From the graph, we can see that the 2nd quantile(0.26~0.484) offered the highest sharpe ratio. The higher the beta, the lower the sharpe ratio. Therefore, we can say that higher beta stocks are failing to deliver the return relative to their risk.
Thus, it might be just good to look for low beta stocks rather than high beta stocks.
However, this might be because value stocks tended to perform well in the past. Recently, growth stocks are performing well so let’s explore the past 5 years whether the result actually changed a lot or not.
stocks_beta_final_recent <- stocks_beta_final[stocks_beta_final['date']>'2018-01-01',] %>%
mutate(quantile_group = cut(beta, breaks = quantile(beta, probs = seq(0, 1, 0.1)))) %>%
group_by(quantile_group) %>%
summarise(mean_return = mean(RET)*12,
risk = sd(RET)*sqrt(12),
sharpe = mean(RETRF)*12/risk) %>% na.omit()

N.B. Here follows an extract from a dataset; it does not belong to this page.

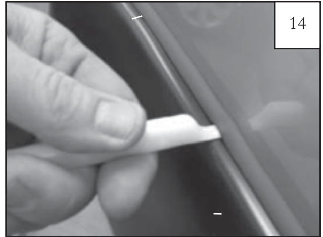
Using flat end of supplied Edge Trim Tool (ET1-0002), seat edge trim against flare by inserting straight end between edge trim and flare at one end. Next, slide around entire edge to the other end.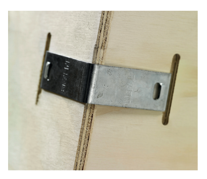
The packaging is held together with clamps, which are mounted without tools in the pre-cut grooves. The clamps are made of flexible sprung steel, so they don't pop off when the packaging is bumped or jolted. All that is needed for dismantling is a regular screwdriver; the clamp is designed to drop right into your hand rather than flying off and potentially hurting someone.

kable(stocks_beta_final_recent)
| quantile_group | mean_return | risk | sharpe |
|---|---|---|---|
| (-8.96,0.416] | 0.0960968 | 0.9346077 | 0.0864004 |
| (0.416,0.665] | 0.0351043 | 0.4491116 | 0.0434323 |
| (0.665,0.836] | 0.0778037 | 0.4456290 | 0.1413074 |
| (0.836,0.983] | 0.0704497 | 0.4647352 | 0.1192782 |
| (0.983,1.12] | 0.0738895 | 0.4781614 | 0.1230703 |
| (1.12,1.26] | 0.0879407 | 0.4958023 | 0.1473986 |
| (1.26,1.44] | 0.1170988 | 0.5668250 | 0.1808610 |
| (1.44,1.65] | 0.0973321 | 0.6060496 | 0.1376442 |
| (1.65,2.03] | 0.0817184 | 0.7749122 | 0.0881162 |
| (2.03,9.79] | 0.4012588 | 1.2689997 | 0.3061907 |
# Plot the mean return for each quantile
ggplot(stocks_beta_final_recent, aes(x = quantile_group, y = sharpe)) +
geom_bar(stat = "identity", fill = "#2563EB") +
labs(x = 'Beta Quantiles', y = 'Sharpe Ratio', title = 'Sharpe Ratio for Each Beta Quantile (2018~2023)') +
theme_minimal()
It seems that the sharpe ratio for higher beta stocks improved past 5 years, but still we can observe that higher beta doesn’t really mean higher returns as well as higher sharpe ratio.
Technically, the sharpe ratio should be somehow similar according to the CAPM theory since higher risk stocks are delivering higher returns and vice versa.However, it seems that this is not true from the analysis above.